JAKARTA, KOMPAS.com - Kapolri Jenderal Pol Tito Karnavian mengatakan untuk mengikuti pemilihan kepala daerah, calon bupati setidaknya harus punya modal Rp 20 miliar dan calon gubernur sekitar Rp 100 miliar.
Politik berbiaya tinggi menjadi budaya sebab modal politik pun mahal. Banyak pos anggaran yang haris dikeluarkan calon kepala daerah seperti biaya saksi, biaya kampanye, bahkan mahar politik.
Tingginya biaya politik tersebut membuat peserta pilkada mencari sumber pendanaan lain di luar pendapatannya.
"Kalau kita hitung gaji, ya enggak akan bisa mencukupi. Modalnya sudah keluar. Akhirnya yang terjadi adalah tindak pidana korupsi," ujar Tito di Hotel Mercure Ancol, Jakarta Utara, Selasa (6/3/2018).
Selama ini, kata Tito, yang banyak terjadi adalah kepala daerah tersebut diciduk penegak hukum setelah sebulan resmi menjabat. Hal ini dikarenakan kepala daerah tersebut menggunakan APBD, uang hasil memeras, ataupun jual beli jabatan untuk membiayai ongkos politiknya. Hal tersebut yang dikritisi Tito dari sistem Pilkada langsung.
Baca juga : Mahalnya Ongkos Politik...
Namun, karena sistem ini sudah berjalan, maka langlah penegak hukum adalah pengawasan agar jangan sampai terjadi korupsi. Oleh karena itu, Polri, Kejaksaan Agung, dan KPK meneken nota kesepahaman mengenai penanganan kasus korupsi yang menimpa calon kepala daerah.
"Tidak ada jalan lain selain kita mengintensifkan kegiatan-kegiatan untuk menekan jangan sampai Pilkada ini dipenuhi dengan politik penggunaan uang," kata Tito.
MoU penegak hukum
Sementara itu, Jaksa Agung Muhammad Prasetyo mengatakan, nota kesepahaman tersebut merupakan wujud konsistensi dan kesadaran bersama aparat penegak hukum dalam mencegah dan menangani korupsi selama Pilkada serentak.
Sebab, kata dia, para pasangan calon dan tim suksesnya cenderung menghalalkan segala cara demi memenangkan kontestasi politik. Mulai dari menyalahgunakan kekuasaan, mengumbar janji, dan hingga melakukan politik uang agar mendapat dukungan.
Baca juga : Imas Diduga Gunakan Sebagian Uang Suap untuk Biaya Kampanye Pilkada
Ia melihat, berdasarkan pengalaman selama ini, selalu ditemukan kasus politik uang dalam pelaksanaan pemilu maupun Pilkada.
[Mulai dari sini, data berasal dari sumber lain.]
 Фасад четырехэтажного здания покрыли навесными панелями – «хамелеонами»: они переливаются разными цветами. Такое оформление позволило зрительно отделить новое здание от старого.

"Sekarang kontestasi politik digambarkan prosesi ya.g sangat mahal. Timbul anggapan hanya calon kepala darah yang sumber keuangannya kuat yang mampu memenangi pemilihan," kata Prasetyo.
Hal tersebut, kata Prasetyo, akan memicu calon kepala daerah akan melakukan hal apapun agar biaya politiknya terpenuhi. Tren korupsi selama Pilkada, kata Prasetyo, biasanya dilakukan petahana atau mantan kepala daerah yang bertarung untuk Pilkada di tingkatan atas.
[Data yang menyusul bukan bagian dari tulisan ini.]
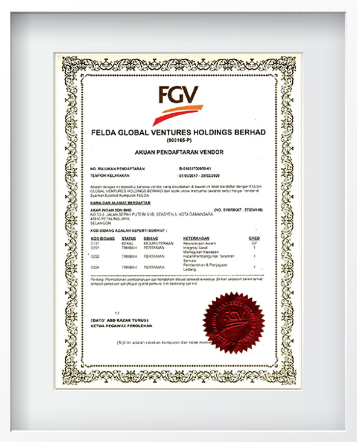 Recognised by Malaysia Government, we are a certified Bumiputera contractor company in our country
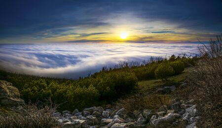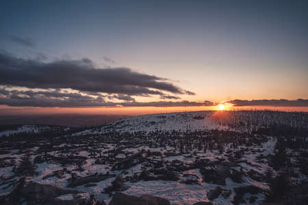 Beautiful sunset on Plechy (Sumava), cloudy sky. Czech republic
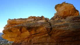 Nous observons avec attention des trous circulaires, creusés dans la paroi rocheuse, plus ou moins à la même hauteur. Ils nous donnent un bel indice de ce à quoi pouvait ressembler la ou constructions ici. Ils servaient à soutenir des troncs d’arbre (ou des grosses branches) constituant un plancher. Les murs que l’on voit montaient donc beaucoup plus haut et peut-être même rejoignaient-ils le surplomb. Il fallait également un autre mur, sur lequel devaient s’appuyer l’autre extrémité des troncs. Ce dernier, faisant face au canyon, devait très certainement être percé d’ouvertures, peut-être des portes en forme de « T ».
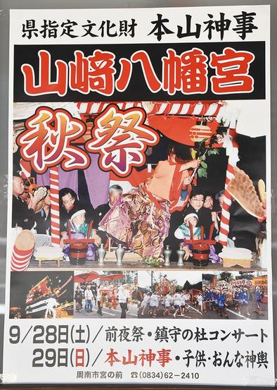 境内の坂を引き上げた本山を最後に突き落とす本山(ほんやま)神事で知られる周南市の山﨑八幡宮(河谷和典宮司)の秋季例大祭が29日に開かれる。 1702年から続...
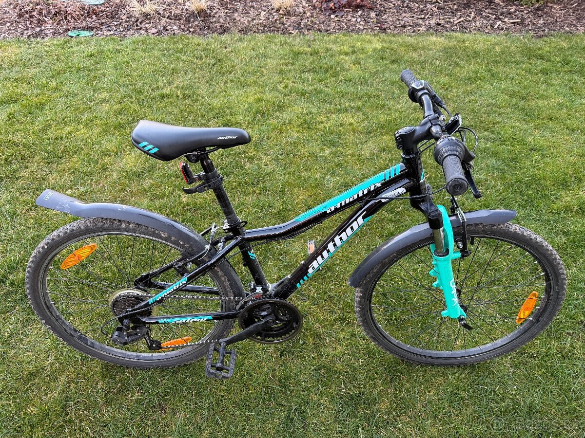 Dětské kolo Author A-Matrix, velikost 24" - [22.4. 2026]Prodám dětské kolo Author A-Matrix, velikost 24". Kolo je seřízeno. Velmi lehký hliníkový rám značkového výrobce, stojánek, držák na pití. Přehazovačka Shimano 3x7, pro děti od 120 až 140 cm, stav viz foto.

Mereka rela mengambil anggaran daerah demi mempertahankan dan meraih kembali kekuasaan yang selama ini dipegangnya.
"Ini berimplikasi ajang kontestasi Pilkada hanya sekedar melahirkan pejabat publik yg bermental koruptif. Akan mempengaruhi kualitas pemerintah yang rentan penyelewengan dan menyalahgunakan wewenang dan berpotensi merugikan keuangan negara," kata Prasetyo.